EXTRACTED DATA:
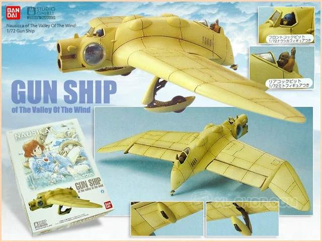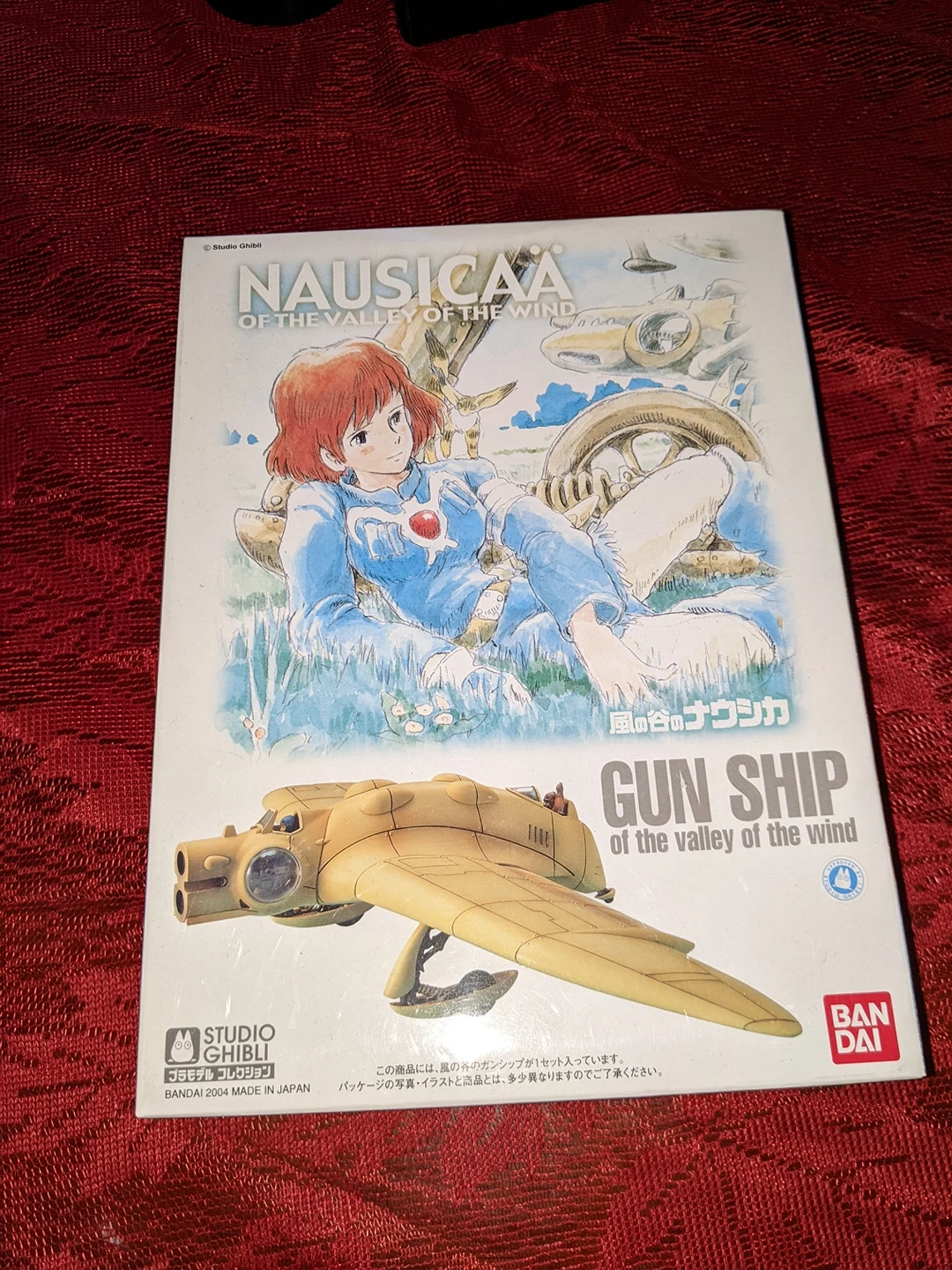 Plastic model kit (unbuilt and unpainted of course) of the Gun Ship from Studio Ghibli's Nausicaa of the Valley of the Wind.
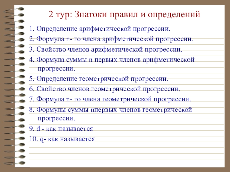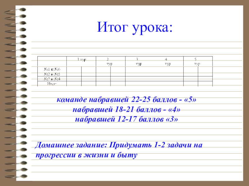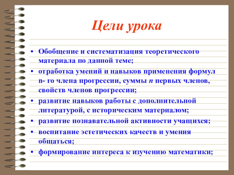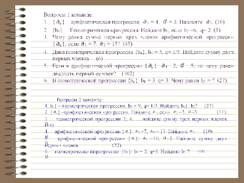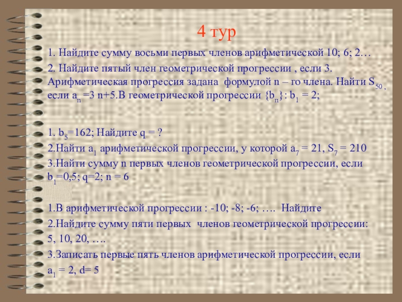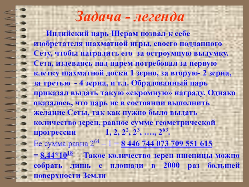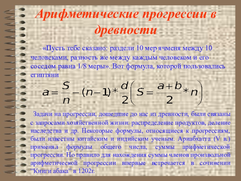Задачи на прогрессии, дошедшие до нас из древности, были связаны с запросами хозяйственной жизни: распределение продуктов, деление наследства и др. Некоторые формулы, относящиеся к прогрессиям, были известны китайским и индийским ученым. Ариабхатта (V в.) применял формулы общего числа, суммы арифметической прогрессии. Но правило для нахождения суммы членов произвольной арифметической прогрессии впервые встречается в сочинении “Книги абака” в 1202г.
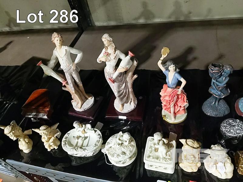 ASSORTED FIGURINES, INCLUDNG ITALIAN VALENTINO FIGURINES, 1 x SHELF
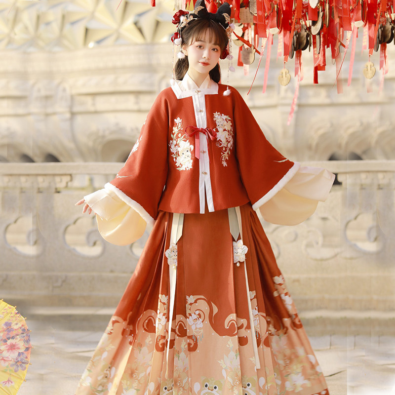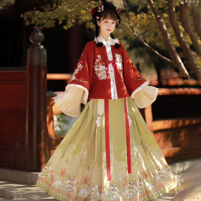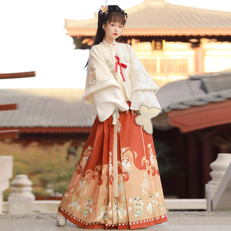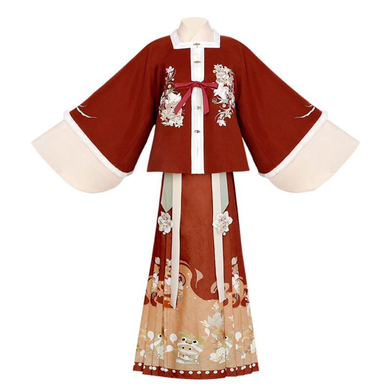 Tiger Tuan Tuan originally created Ming Chinese clothing women plus velvet padded horse skirt Chinese style square collar costume autumn and winter
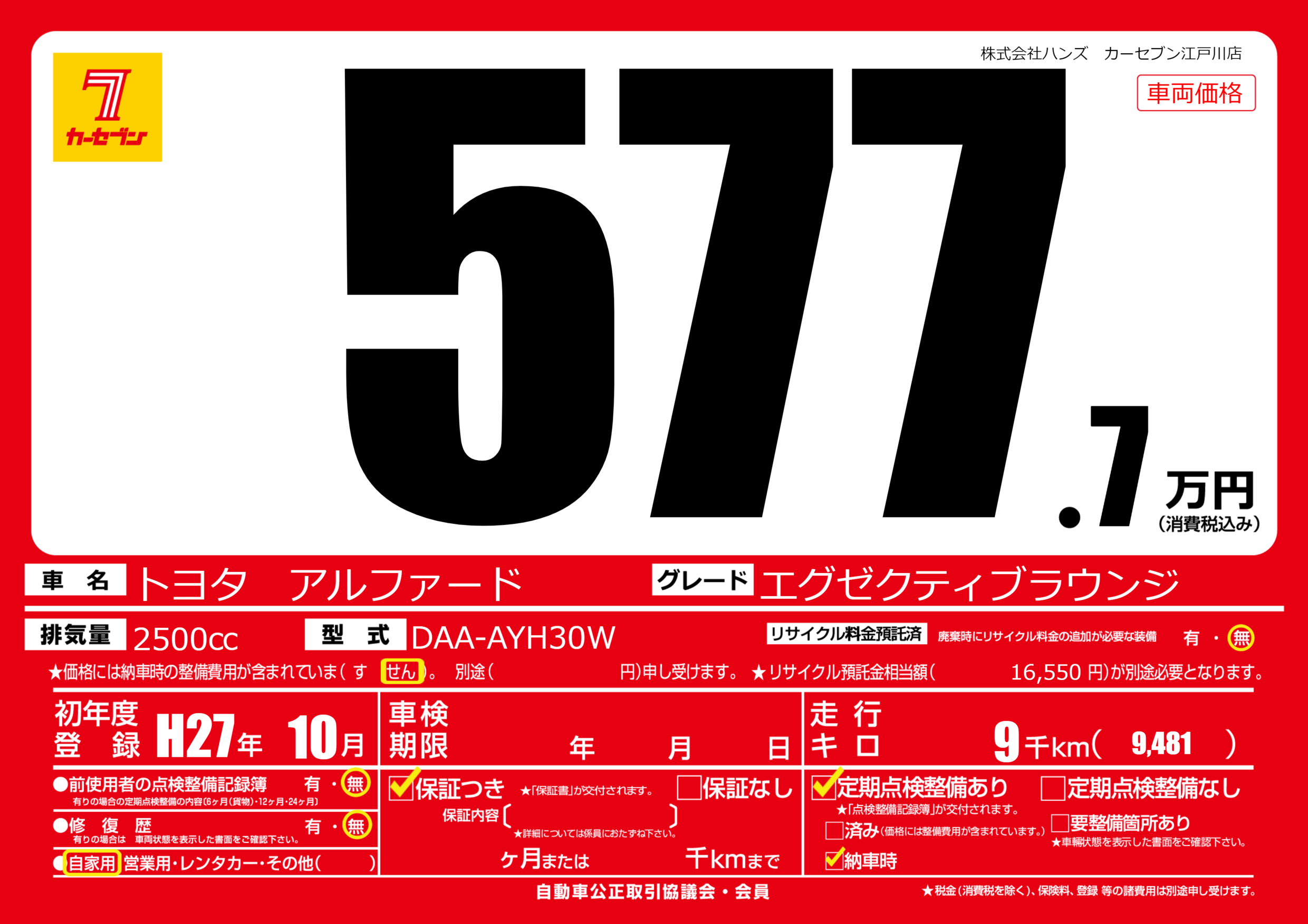 | 車名 | トヨタ アルファード | グレード ミッション 排気量 |

TASK GOAL:
Only what runs from the line with "Задачи на прогрессии, дошедшие" through the last line of the listing above belongs in the answer, set down exactly and free of pictures.

RESULT FOR THIS EXERCISE:
Задачи на прогрессии, дошедшие до нас из древности, были связаны с запросами хозяйственной жизни: распределение продуктов, деление наследства и др. Некоторые формулы, относящиеся к прогрессиям, были известны китайским и индийским ученым. Ариабхатта (V в.) применял формулы общего числа, суммы арифметической прогрессии. Но правило для нахождения суммы членов произвольной арифметической прогрессии впервые встречается в сочинении “Книги абака” в 1202г.
 ASSORTED FIGURINES, INCLUDNG ITALIAN VALENTINO FIGURINES, 1 x SHELF
 Tiger Tuan Tuan originally created Ming Chinese clothing women plus velvet padded horse skirt Chinese style square collar costume autumn and winter
 | 車名 | トヨタ アルファード | グレード ミッション 排気量 |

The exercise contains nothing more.